Но сам проход мы без Шила точно бы не нашли. Стояли бы в двух шагах – и не заметили.
И дело даже не в том, что рядом росло кривое дерево с тонкими поникшими ветками. От самого прохода исходило что-то такое, что не позволяло на него смотреть. Так… ненавязчиво. Взгляд просто соскальзывал – и туда, дальше по тропе, к голой рощице…

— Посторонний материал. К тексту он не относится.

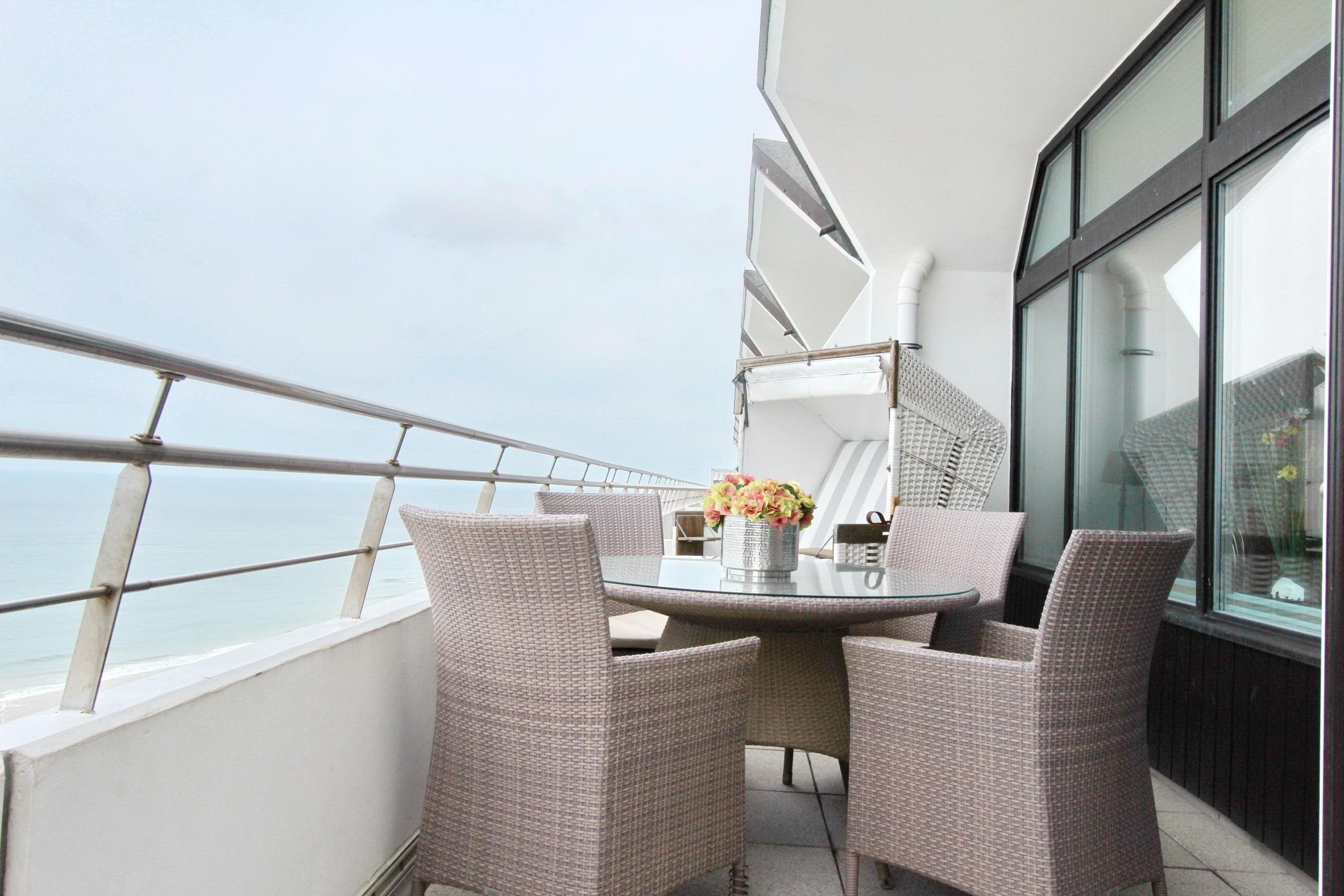 Helle 3-Zimmer-Penthousewohnung in Westerland mit Meerblick, Westdachterrasse und moderner Ausstattung für erholsame Tage auf Sylt.

Но Шило был с нами. Я опустил его на землю, и он прошёл сквозь опущенные тонкие веточки. И как бы скрылся в тени.
За ним, отстранив меня, скользнул Князь. Потом уже я.
Но прежде я положил на землю белый камень. Который так и таскал в кармане – с того самого дня.
Князь
Первое, что мне не понравилось тут – нет, не безумное небо; мне не понравился еле уловимый запах гари. Горелого мяса. Кто жёг танки над своими траншеями – тот никогда этого запашка не забудет и ни с чем не спутает…
Я остановился, заозирался – и чуть не упустил Шило. Нет, он не в побег надумал – а покачнулся и едва не скатился под уклон.
Я успел его подхватить.
Даже в сумерках было видно, что Шило сделался иссиня-бледный. Да, я тоже перед тем, как выйти из туннеля, почувствовал что-то похожее на то, будто ступаю по не очень прочному плоту (не «Адмирал Чапка», нет) – но на Шило это подействовало сильнее…
– Извините, господин полковник… меня сейчас…
Я придерживал его, пока он не проблевался. Потом дал воды.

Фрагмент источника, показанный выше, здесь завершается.